» **ASSIGNED TASK**: Without the images, repeat every line of the listing exactly.

» **GIVEN DATA**:
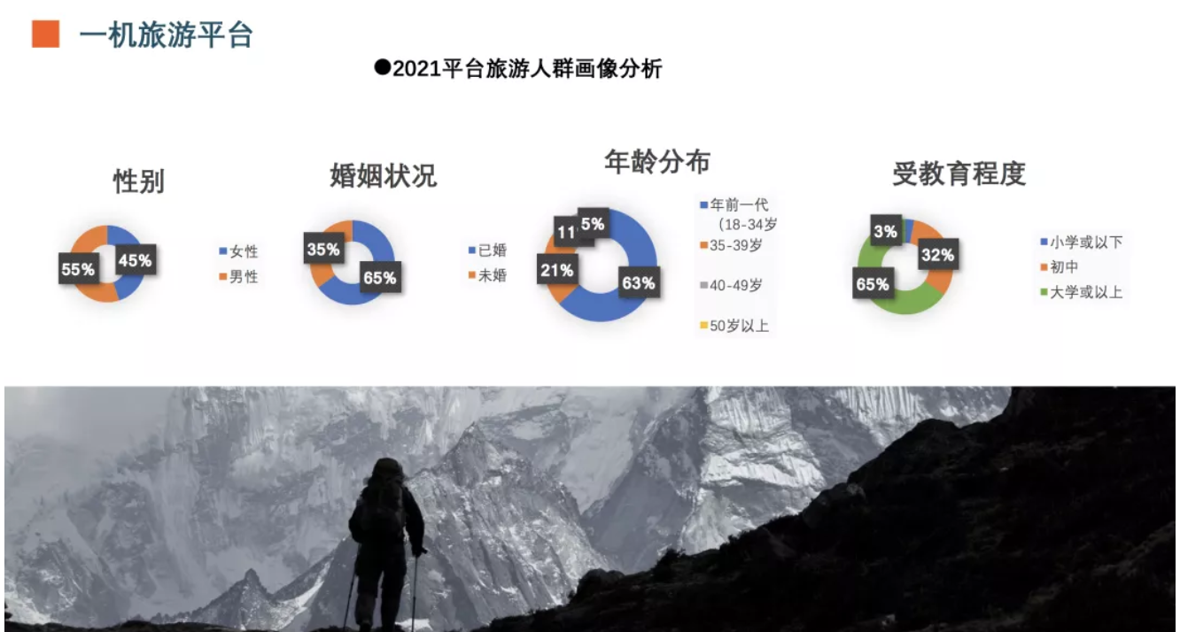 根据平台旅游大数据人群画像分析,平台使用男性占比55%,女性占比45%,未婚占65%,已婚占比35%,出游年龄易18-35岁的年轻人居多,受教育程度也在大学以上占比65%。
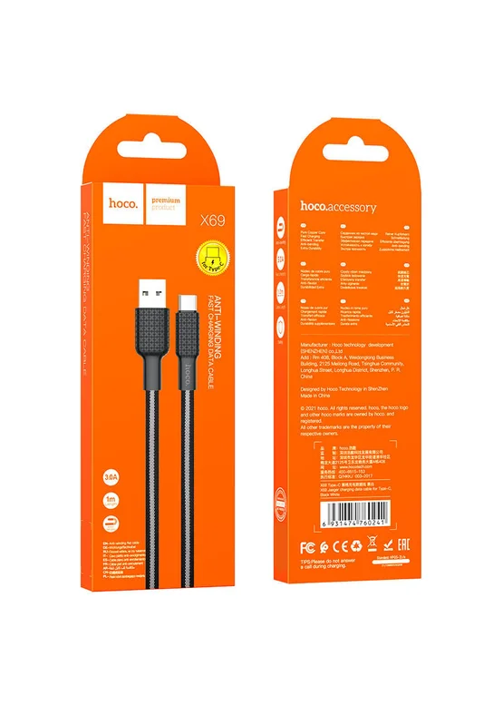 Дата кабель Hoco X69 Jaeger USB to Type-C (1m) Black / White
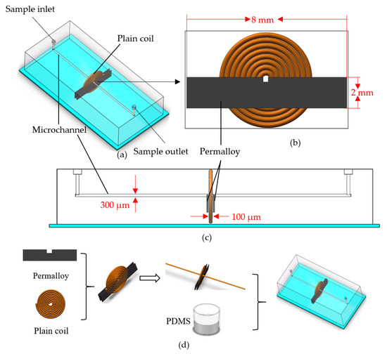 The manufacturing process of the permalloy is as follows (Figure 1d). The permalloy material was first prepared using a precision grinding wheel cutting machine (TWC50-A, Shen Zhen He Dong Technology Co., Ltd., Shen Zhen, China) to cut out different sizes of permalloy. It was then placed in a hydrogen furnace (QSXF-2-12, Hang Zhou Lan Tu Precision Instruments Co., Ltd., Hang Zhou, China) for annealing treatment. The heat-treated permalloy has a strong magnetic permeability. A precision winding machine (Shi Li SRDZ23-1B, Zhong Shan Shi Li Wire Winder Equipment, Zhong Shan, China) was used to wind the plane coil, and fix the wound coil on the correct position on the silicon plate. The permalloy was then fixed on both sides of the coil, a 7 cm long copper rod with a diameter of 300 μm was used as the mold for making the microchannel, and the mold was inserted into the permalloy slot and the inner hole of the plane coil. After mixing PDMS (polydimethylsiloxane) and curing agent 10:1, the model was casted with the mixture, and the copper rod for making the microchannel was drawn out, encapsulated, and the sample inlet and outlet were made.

» **EXPECTED ANSWER**:
 根据平台旅游大数据人群画像分析,平台使用男性占比55%,女性占比45%,未婚占65%,已婚占比35%,出游年龄易18-35岁的年轻人居多,受教育程度也在大学以上占比65%。
 Дата кабель Hoco X69 Jaeger USB to Type-C (1m) Black / White
 The manufacturing process of the permalloy is as follows (Figure 1d). The permalloy material was first prepared using a precision grinding wheel cutting machine (TWC50-A, Shen Zhen He Dong Technology Co., Ltd., Shen Zhen, China) to cut out different sizes of permalloy. It was then placed in a hydrogen furnace (QSXF-2-12, Hang Zhou Lan Tu Precision Instruments Co., Ltd., Hang Zhou, China) for annealing treatment. The heat-treated permalloy has a strong magnetic permeability. A precision winding machine (Shi Li SRDZ23-1B, Zhong Shan Shi Li Wire Winder Equipment, Zhong Shan, China) was used to wind the plane coil, and fix the wound coil on the correct position on the silicon plate. The permalloy was then fixed on both sides of the coil, a 7 cm long copper rod with a diameter of 300 μm was used as the mold for making the microchannel, and the mold was inserted into the permalloy slot and the inner hole of the plane coil. After mixing PDMS (polydimethylsiloxane) and curing agent 10:1, the model was casted with the mixture, and the copper rod for making the microchannel was drawn out, encapsulated, and the sample inlet and outlet were made.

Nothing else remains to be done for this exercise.